Write out the line with "4. Oficyna — stan w grudniu 1995 r." and every later line through the end of the data below, exactly as given, with no pictures in the copy.

Content starts

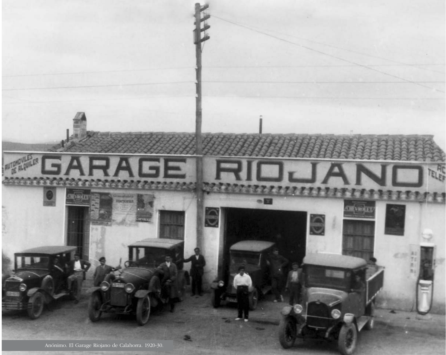
Anónimo. El Garage Riojano de Calahorra. 1920-30.
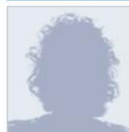
Imagen de usuario
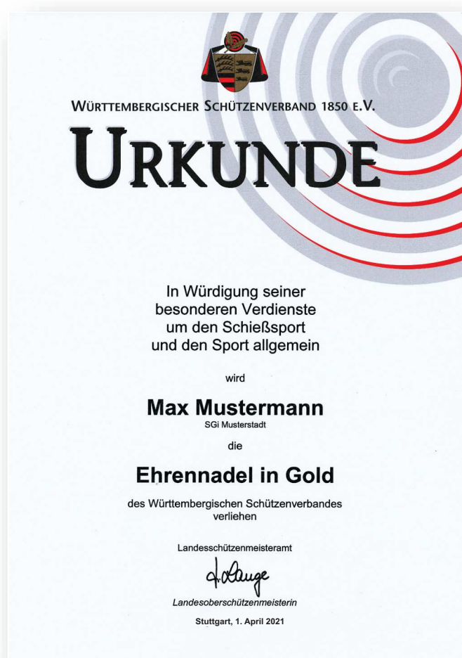
Abbildung in Originalgröße
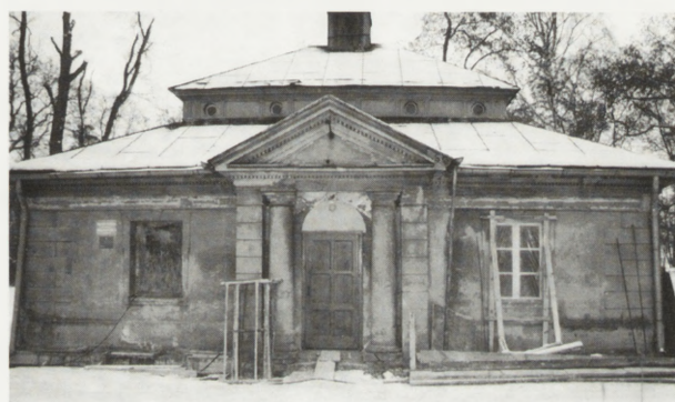
4. Oficyna — stan w grudniu 1995 r.
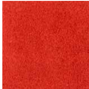
cat. C/2 Econabuk col. 29
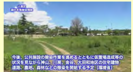
今後、公共施設の除染作業を進めるとともに仮置場造成等の状況を見ながら神山、川房、金谷、大田地区の住宅建物、道路、農地、森林などの除染を開始する予定（環境省）

今後、公共施設の除染作業を進めるとともに仮置場造成等の状況を見ながら、神山、川房、金谷、大田地区の住宅建物、道路、農地、森林などの除染を開始する予定です。（環境省）
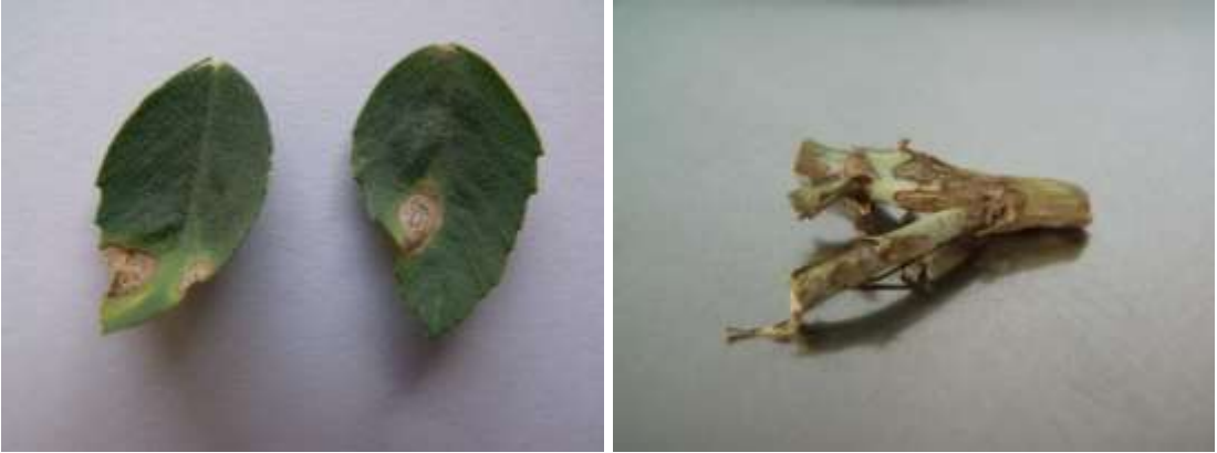
Şekil 1. A. rabiei ’nin nohut bitkisinin yaprakları ile gövde ve yan dallarda oluşturduğu karakteristik hastalık belirtileri

Hastalığın kimyasal mücadelesinde; thiram+benomyl karışımı önerilmektedir. A. rabiei ’nin kontrolünde yeşil aksam ilaçlaması ekonomik olmayıp, uygulama zamanına ve hava koşullarına bağlı olarak etkili olabilmektedir (Maden, 1987). Morjane ve ark. (1993), prochloraz ve prochloraz+mancozeb karışımı 2 kez uygulandığında hastalığın kontrolünde etkili olduğu ve verimde artışa sebep olduğunu bildirmişlerdir. Ayrıca Boscalid ve Prothioconazole uygulaması antraknoz hastalığının şiddetini azaltmakta ve üründe artışa neden olmaktadır (Wise ve ark., 2006).

Content ends

→ **Output for this exercise**
4. Oficyna — stan w grudniu 1995 r.
cat. C/2 Econabuk col. 29
今後、公共施設の除染作業を進めるとともに仮置場造成等の状況を見ながら神山、川房、金谷、大田地区の住宅建物、道路、農地、森林などの除染を開始する予定（環境省）

今後、公共施設の除染作業を進めるとともに仮置場造成等の状況を見ながら、神山、川房、金谷、大田地区の住宅建物、道路、農地、森林などの除染を開始する予定です。（環境省）
Şekil 1. A. rabiei ’nin nohut bitkisinin yaprakları ile gövde ve yan dallarda oluşturduğu karakteristik hastalık belirtileri

Hastalığın kimyasal mücadelesinde; thiram+benomyl karışımı önerilmektedir. A. rabiei ’nin kontrolünde yeşil aksam ilaçlaması ekonomik olmayıp, uygulama zamanına ve hava koşullarına bağlı olarak etkili olabilmektedir (Maden, 1987). Morjane ve ark. (1993), prochloraz ve prochloraz+mancozeb karışımı 2 kez uygulandığında hastalığın kontrolünde etkili olduğu ve verimde artışa sebep olduğunu bildirmişlerdir. Ayrıca Boscalid ve Prothioconazole uygulaması antraknoz hastalığının şiddetini azaltmakta ve üründe artışa neden olmaktadır (Wise ve ark., 2006).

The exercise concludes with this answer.